Mean aerosol optical depth (AOD) and surface network PM${}_{\mathrm{2.5}}$ concentrations over the Geostationary Ocean Color Imager (GOCI) viewing domain, 2011–2019. Panel (a) shows the mean GOCI AOD data on the 6 $\times$ 6 km${}^{\mathrm{2}}$ grid. Panel (b) shows the mean surface network PM${}_{\mathrm{2.5}}$ data for eastern China (starting in May 2014), South Korea (starting in January 2015), and Japan, using large data symbols for visibility. A magnified inset for South Korea shows the surface network observations with symbols corresponding to the 6 $\times$ 6 km${}^{\mathrm{2}}$ grid of the GOCI data. A log scale is used for the color bar.

[Figure omitted. See PDF]

Figure 1 shows the mean distributions of GOCI AOD and surface network PM${}_{\mathrm{2.5}}$ for 2011–2019 or for the more limited durations of their records (2014–2019 for eastern China PM${}_{\mathrm{2.5}}$; 2015–2019 for South Korea PM${}_{\mathrm{2.5}}$). The PM${}_{\mathrm{2.5}}$ networks are extensive but coverage is nevertheless sparse and often limited to large urban areas, as illustrated by the magnified inset for South Korea. We find that only 1.0 % of GOCI 6 $\times$ 6 km${}^{\mathrm{2}}$ grid cells have PM${}_{\mathrm{2.5}}$ observations in eastern China, 7.4 % in South Korea, and 7.9 % in Japan. This geographic limitation in the PM${}_{\mathrm{2.5}}$ networks emphasizes the value of continuous coverage from the AOD data.

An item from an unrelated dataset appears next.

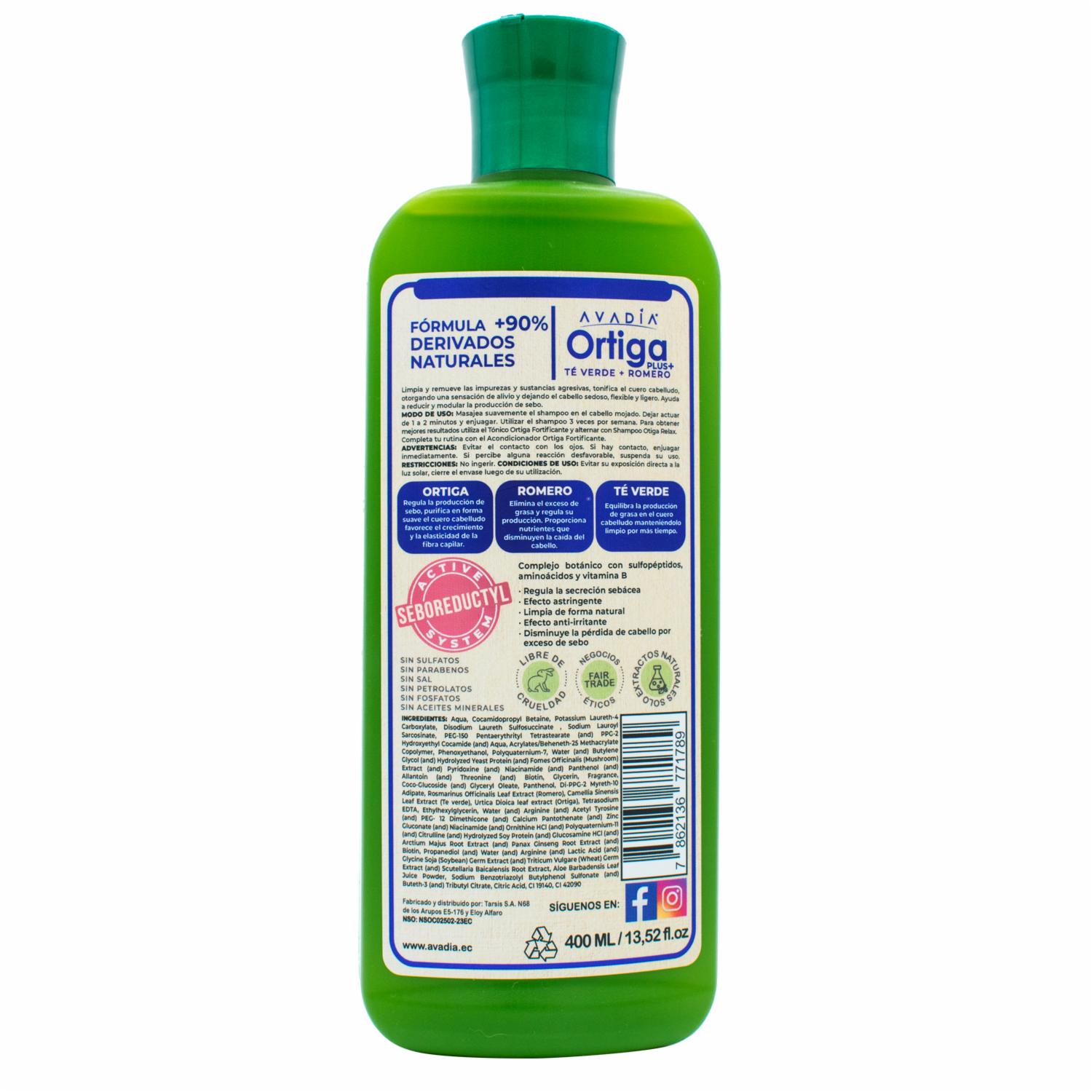 Shampoo De Cabello Ortiga Plus Anticaída Seboregulador Trichogen, Ortiga, Te Verde Y Romero AVADÍA 400 Ml

Figure 2 shows the percentage of days with at least one successful hourly GOCI AOD retrieval on the 6 $\times$ 6 km${}^{\mathrm{2}}$ retrieval grid. There are substantial gaps in the record, mostly reflecting clouds and also snow cover in winter (Choi et al., 2018). We seek to fill in these gaps to produce a continuous daily data set while accounting for the associated errors and leveraging information implicitly encoded in retrieval failure. We fuse the following two strategies according to the availability of nearby AOD retrievals: an inverse-distance-weighted (IDW) interpolation AOD${}_{\mathrm{IDW}}$ of nearby retrievals (Shepard, 1968) and a bias-corrected monthly AOD${}_{\mathrm{GC}}$ from the GEOS-Chem CTM, as follows:

1$$\mathrm{AOD}=\mathit{\alpha }{\mathrm{AOD}}_{\mathrm{IDW}}+\left(\mathrm{1}-\mathit{\alpha }\right){\mathrm{AOD}}_{\mathrm{GC}},$$ where $\mathit{\alpha }$ is a weighting factor that depends on the distance from nearest retrievals. GEOS-Chem is a widely used CTM for inferring PM${}_{\mathrm{2.5}}$ from satellite AOD data (Liu et al., 2004; van Donkelaar et al., 2006, 2016, 2019; Geng et al., 2015). Here we use scaled monthly mean GEOS-Chem AODs from a simulation by Zhai et al. (2021) for 2016 in East Asia with a 0.5${}^{\circ }$ $\times$ 0.625${}^{\circ }$ resolution, bias corrected to the annual mean GOCI AODs on the 6 $\times$ 6 km${}^{\mathrm{2}}$ grid. In this way, we obtain a spatial distribution of monthly mean AOD${}_{\mathrm{GC}}$ values for 2011–2019 for use in Eq. (1).

Figure 2

Percentage of days in 2011–2019 with at least one successful hourly retrieval of AOD on the 6 $\times$ 6 km${}^{\mathrm{2}}$ grid. Panel (a) shows year-round statistics, while panel (b) shows winter months (December–February; DJF) only.

[Figure omitted. See PDF]

We calculate the weighting factors $\mathit{\alpha }$ used in Eq. (1) via the Gaspari–Cohn function, a fifth-order piecewise polynomial with a radial argument $r$ (Gaspari and Cohn, 1999). The Gaspari–Cohn function resembles a Gaussian distribution but with compact support that takes on a maximum value of 1 for $r=\mathrm{0}$ and a minimum value of 0 for $r\ge \mathrm{2}$. We define $r=l/c$ for a given 6 $\times$ 6 km${}^{\mathrm{2}}$ grid cell and day to be the distance $l$ from the midpoint of the grid cell to that of the nearest observed grid cell, normalized by a spatial correlation length scale, $c$, determined from available AOD observations in and around that grid cell. We find that the value of $c$ ranges from 110 km to 170 km over our domain.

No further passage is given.